Load Balancer stopped Balancing



  • I have a basic dual Wan single lan configuration. All was working well before the latest snapshot.

    I often test the configuration by going to one of the many "whatismyip" websites and by refreshing the screen, and as expected I can see the gateway ip change back and forth.

    I upgraded to snapshot dated Sep 10 05:09:52 EDT 2010 without any configuration changes and all outgoing traffic is stuck going through my wan interface. The only way I can force it to use the opt1 interface is if I make that gateway my default. and it sticks there never toggling back.

    I reverted back to snapshot dated Thu Sep  9 18:39:54 EDT 2010 (again, without any configuration changes) and all works well

    I am getting these errors in the logs
    Sep 10 18:45:01 php: : The gateway: loadbalance is invalid/unkown not using it.
    Sep 10 18:45:01 php: : Gateways status could not be determined, considering all as up/active.

    "loadbalance" being the name of my gateway group

    Any ideas?



  • There are issues with dynamic gateways, go back to Monday's snapshot.



  • Using Mondays snapshot and all seems well again…



  • Are the issues being worked? Theres been at least three snapshots and I couldn't find anything about it in the bug reports.

    I'm just concerned that it may only be an issue affecting my configuration. And if thats the case, I have some work to do on my end.

    Can anyone verify that this problem exists?

    again heres the system log output

    Sep 11 12:15:38 last message repeated 12 times
    Sep 11 12:15:38 php: : The gateway: loadbalance is invalid/unkown not using it.
    Sep 11 12:15:37 php: : Gateways status could not be determined, considering all as up/active.



  • I've got things narrowed down a bit.
    I reversed patched the revisions Ermal made two days ago and my loadbalancing/gateway problem disappeared.

    REV 3d471a14 and 68f291ff  Bug #876

    I plan on doing a clean reload once the issue is addressed but currently I'm happy with the fact that things are back up and running

    I don't have the talents to fix the issue but I thought I would give you an idea where to look.



  • Can you specify your configuration of opt interface.

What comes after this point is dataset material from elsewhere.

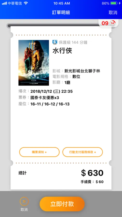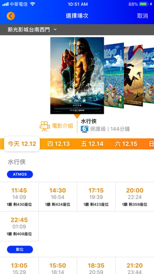 2. 完整的電影介紹,提供即時查詢劇情、預告、日期、場次、座位,手機線上直接劃位,搶票最快速!

Is is pppoe dynamic? Is your configuration based on vlans?



  • Same problem here with latest snapshot.
    Using 2 WAN Interfaces with Static IP Address.



  • Issue still exists with latest snapshot (14 sep).



  • Can you give ifconfig output and /var/etc/apinger.conf and /tmp/apinger.status?



  • ifconfig output

    rl0: flags=8843 <up,broadcast,running,simplex,multicast>metric 0 mtu 1500
            options=8 <vlan_mtu>ether 00:11:95:1d:60:22
            inet 192.168.22.1 netmask 0xffffff00 broadcast 192.168.22.255
            inet6 fe80::211:95ff:fe1d:6022%rl0 prefixlen 64 scopeid 0x1
            nd6 options=3 <performnud,accept_rtadv>media: Ethernet autoselect (100baseTX <full-duplex>)
            status: active
    dc0: flags=8843 <up,broadcast,running,simplex,multicast>metric 0 mtu 1500
            options=80008 <vlan_mtu,linkstate>ether 00:08:a1:83:08:74
            inet6 fe80::208:a1ff:fe83:874%dc0 prefixlen 64 scopeid 0x2
            inet 68.1.124.153 netmask 0xfffffe00 broadcast 68.1.125.255
            nd6 options=3 <performnud,accept_rtadv>media: Ethernet autoselect (100baseTX <full-duplex>)
            status: active
    dc1: flags=8843 <up,broadcast,running,simplex,multicast>metric 0 mtu 1500
            options=80008 <vlan_mtu,linkstate>ether 00:1a:70:0f:cc:fd
            inet 24.249.193.155 netmask 0xffffffe0 broadcast 24.249.193.159
            inet6 fe80::21a:70ff:fe0f:ccfd%dc1 prefixlen 64 scopeid 0x3
            nd6 options=3 <performnud,accept_rtadv>media: Ethernet autoselect (100baseTX <full-duplex>)
            status: active
    plip0: flags=8810 <pointopoint,simplex,multicast>metric 0 mtu 1500
    pflog0: flags=100 <promisc>metric 0 mtu 33200
    enc0: flags=0<> metric 0 mtu 1536
    lo0: flags=8049 <up,loopback,running,multicast>metric 0 mtu 16384
            options=3 <rxcsum,txcsum>inet 127.0.0.1 netmask 0xff000000
            inet6 ::1 prefixlen 128
            inet6 fe80::1%lo0 prefixlen 64 scopeid 0x7
            nd6 options=3 <performnud,accept_rtadv>pfsync0: flags=0<> metric 0 mtu 1460
            syncpeer: 224.0.0.240 maxupd: 128
    ovpns1: flags=8051 <up,pointopoint,running,multicast>metric 0 mtu 1500
            options=80000 <linkstate>inet6 fe80::211:95ff:fe1d:6022%ovpns1 prefixlen 64 scopeid 0x9
            inet 10.0.8.1 –> 10.0.8.2 netmask 0xffffffff
            nd6 options=3 <performnud,accept_rtadv>Opened by PID 16567

    apinger.conf

    pfSense apinger configuration file. Automatically Generated!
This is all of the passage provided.